YOUR INSTRUCTIONS: Find the line containing "Damska sukienka z" in the records below. Copy exactly that line and each one after it, ending at the line containing "曲谱介绍: C调版信乐团《断了思念》吉他和弦弹唱谱", and nothing more.

EXERCISE DATA:
________________
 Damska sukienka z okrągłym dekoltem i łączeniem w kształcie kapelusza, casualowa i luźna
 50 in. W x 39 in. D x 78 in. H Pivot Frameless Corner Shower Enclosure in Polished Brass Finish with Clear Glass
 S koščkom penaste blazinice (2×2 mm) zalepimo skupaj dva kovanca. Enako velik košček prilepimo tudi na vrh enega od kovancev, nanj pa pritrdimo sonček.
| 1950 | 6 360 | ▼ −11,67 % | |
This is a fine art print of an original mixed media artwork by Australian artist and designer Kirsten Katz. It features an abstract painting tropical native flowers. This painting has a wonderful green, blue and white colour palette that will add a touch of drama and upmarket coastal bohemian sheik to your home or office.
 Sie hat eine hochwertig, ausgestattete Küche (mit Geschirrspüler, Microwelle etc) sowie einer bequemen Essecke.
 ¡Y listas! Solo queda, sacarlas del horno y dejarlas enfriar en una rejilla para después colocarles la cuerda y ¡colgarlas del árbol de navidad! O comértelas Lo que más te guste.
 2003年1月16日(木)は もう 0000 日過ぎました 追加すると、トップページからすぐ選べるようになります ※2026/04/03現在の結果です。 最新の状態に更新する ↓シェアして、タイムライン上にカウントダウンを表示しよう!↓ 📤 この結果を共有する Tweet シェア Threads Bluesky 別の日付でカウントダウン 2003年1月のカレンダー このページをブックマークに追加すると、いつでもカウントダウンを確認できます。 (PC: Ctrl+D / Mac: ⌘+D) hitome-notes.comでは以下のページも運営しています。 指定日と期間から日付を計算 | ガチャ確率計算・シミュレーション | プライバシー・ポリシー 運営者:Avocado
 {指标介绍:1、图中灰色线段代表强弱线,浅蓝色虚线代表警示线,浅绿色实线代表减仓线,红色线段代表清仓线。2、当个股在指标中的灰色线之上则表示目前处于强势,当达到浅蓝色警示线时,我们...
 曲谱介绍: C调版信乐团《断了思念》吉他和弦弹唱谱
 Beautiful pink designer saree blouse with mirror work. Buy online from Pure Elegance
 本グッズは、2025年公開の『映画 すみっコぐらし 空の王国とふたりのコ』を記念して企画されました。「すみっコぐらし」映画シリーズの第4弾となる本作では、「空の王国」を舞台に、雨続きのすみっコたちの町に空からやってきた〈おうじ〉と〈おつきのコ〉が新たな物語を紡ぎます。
________________
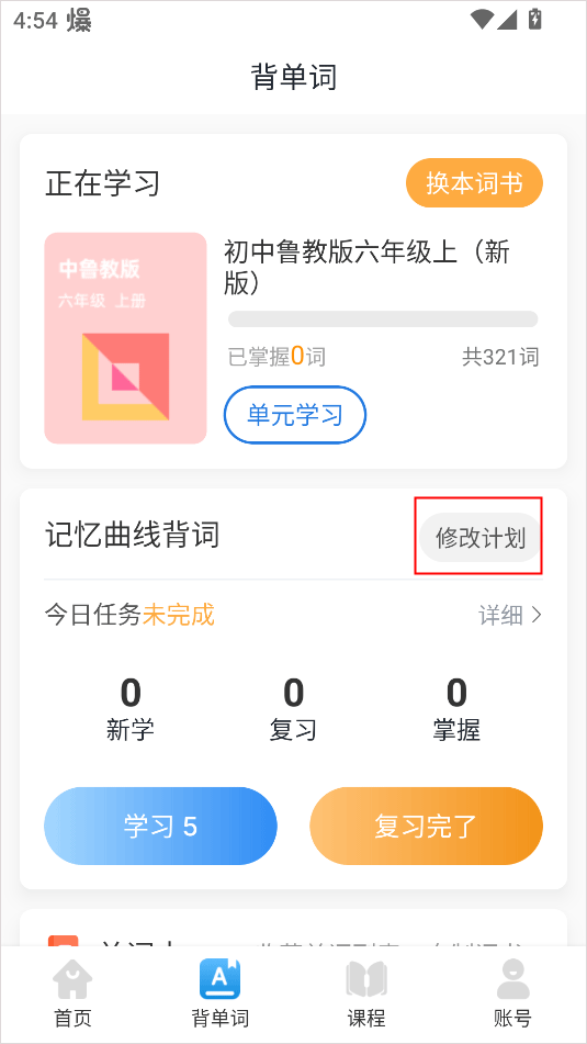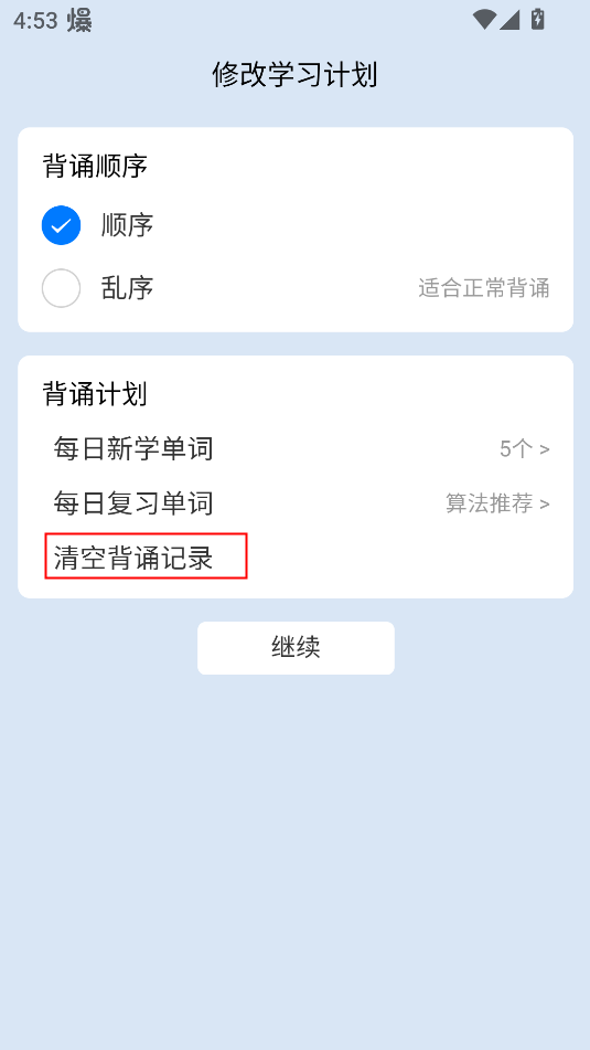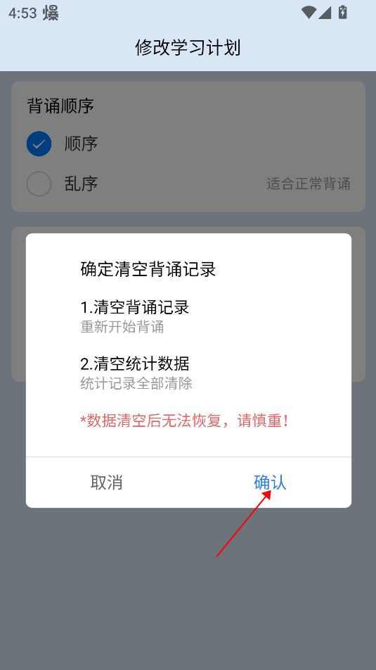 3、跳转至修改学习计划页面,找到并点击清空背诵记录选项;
________________
TASK RESULT:
 Damska sukienka z okrągłym dekoltem i łączeniem w kształcie kapelusza, casualowa i luźna
 50 in. W x 39 in. D x 78 in. H Pivot Frameless Corner Shower Enclosure in Polished Brass Finish with Clear Glass
 S koščkom penaste blazinice (2×2 mm) zalepimo skupaj dva kovanca. Enako velik košček prilepimo tudi na vrh enega od kovancev, nanj pa pritrdimo sonček.
| 1950 | 6 360 | ▼ −11,67 % | |
This is a fine art print of an original mixed media artwork by Australian artist and designer Kirsten Katz. It features an abstract painting tropical native flowers. This painting has a wonderful green, blue and white colour palette that will add a touch of drama and upmarket coastal bohemian sheik to your home or office.
 Sie hat eine hochwertig, ausgestattete Küche (mit Geschirrspüler, Microwelle etc) sowie einer bequemen Essecke.
 ¡Y listas! Solo queda, sacarlas del horno y dejarlas enfriar en una rejilla para después colocarles la cuerda y ¡colgarlas del árbol de navidad! O comértelas Lo que más te guste.
 2003年1月16日(木)は もう 0000 日過ぎました 追加すると、トップページからすぐ選べるようになります ※2026/04/03現在の結果です。 最新の状態に更新する ↓シェアして、タイムライン上にカウントダウンを表示しよう!↓ 📤 この結果を共有する Tweet シェア Threads Bluesky 別の日付でカウントダウン 2003年1月のカレンダー このページをブックマークに追加すると、いつでもカウントダウンを確認できます。 (PC: Ctrl+D / Mac: ⌘+D) hitome-notes.comでは以下のページも運営しています。 指定日と期間から日付を計算 | ガチャ確率計算・シミュレーション | プライバシー・ポリシー 運営者:Avocado
 {指标介绍:1、图中灰色线段代表强弱线,浅蓝色虚线代表警示线,浅绿色实线代表减仓线,红色线段代表清仓线。2、当个股在指标中的灰色线之上则表示目前处于强势,当达到浅蓝色警示线时,我们...
 曲谱介绍: C调版信乐团《断了思念》吉他和弦弹唱谱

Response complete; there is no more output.